Years later, I am still wondering what is being taught in schools. Students studying literature often arrive at university without an understanding of the basic terminology and use of language. Adjectives and adverbs are employed indiscriminately, and past participles incorrectly (sat for seated is almost ubiquitous); the nomenclature of verb tenses is unknown; students seem unaware that the expression of the English present tense can be simple or continuous, and find it hard to grasp the nuances in meaning between the two; sentences are filled with subclauses and continue for half a page with little punctuation and sometimes no active verb. (Many, however, have been taught more sophisticated expressions; lexis and register are recent buzzwords.) Consulting a dictionary is an alien concept.

Schoolteachers have long complained that grammar is "boring" for students (do they really mean for themselves?) and promoted a more flexible approach to teaching based on "encouraging creativity". Yet the naming of parts is a basic principle in every activity. Children are accustomed to learning specialized terms in a range of hobbies and interests: music has its notes, rhythms and scales, ballet its steps and movements, football its moves and rules. Withholding the specialized terms of language does not encourage creativity, but conflicts with the way all specialist pursuits, creative, sporting or academic, must be learnt.

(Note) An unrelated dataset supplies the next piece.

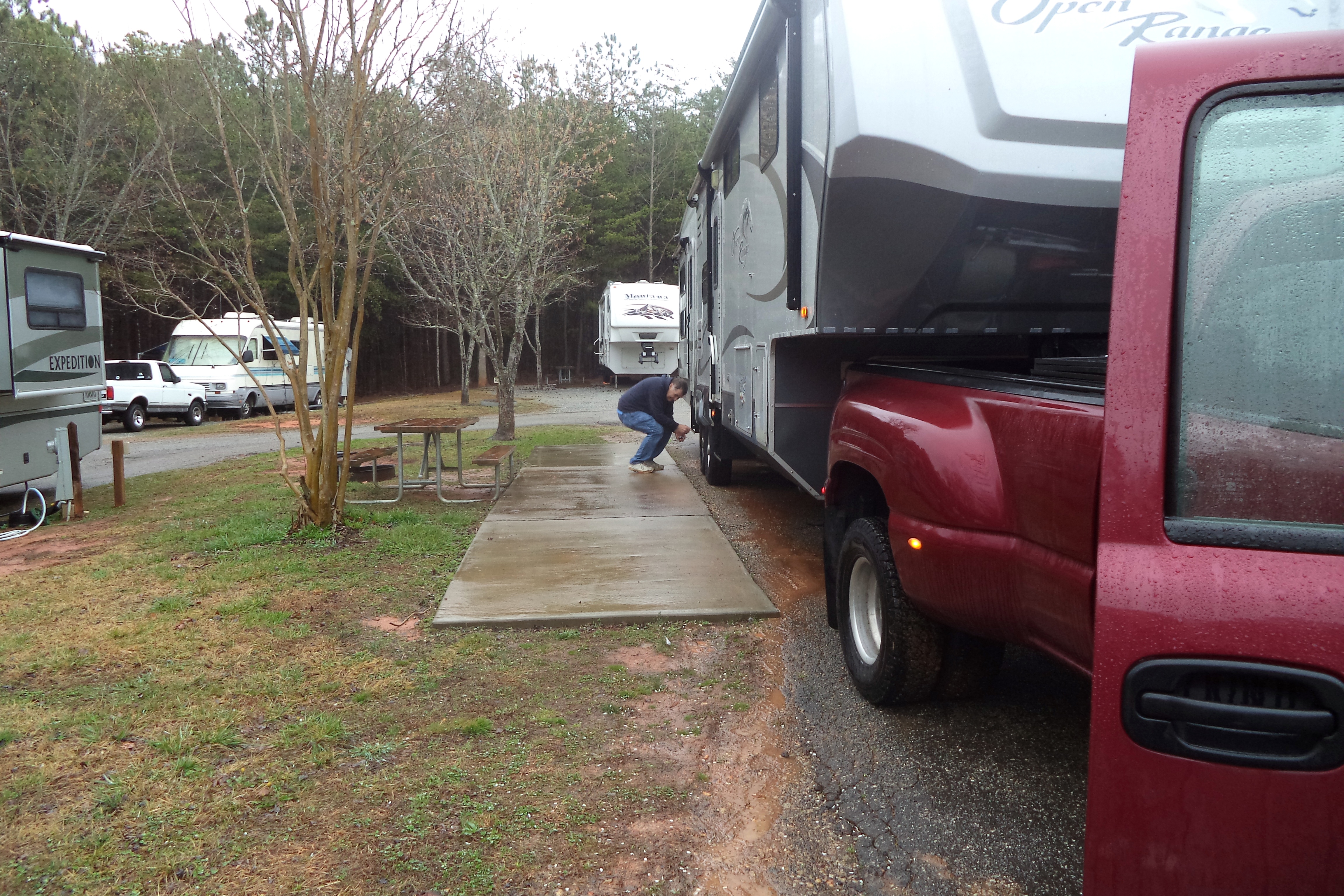 I thought the roads in the Pine Ridge Campground were bad, but the roads in Lake Gaston were worse. We had a pull-through but I determined that the only way out of the pull-through was to back out. Not much of a pull-through. And when I took the garbage to the dumpsters (another park with no trash pickup), I just about buried the truck in red mud.

The government has recently promised a further expansion of higher education, with a focus on science, engineering, mathematics and technology; but undergraduates in these disciplines need effective communication skills to understand their subjects and articulate their knowledge. Language is fundamental to all learning and is the key to self-expression in all degree courses, not just those in languages, linguistics or literature: mathematicians, scientists and information technologists also need an understanding of oral and written language in order to communicate adequately in their academic subjects and in their future jobs.

With more people than ever going on to study degrees, schools need to teach sound English expression and that, just like football and music, includes the naming of parts.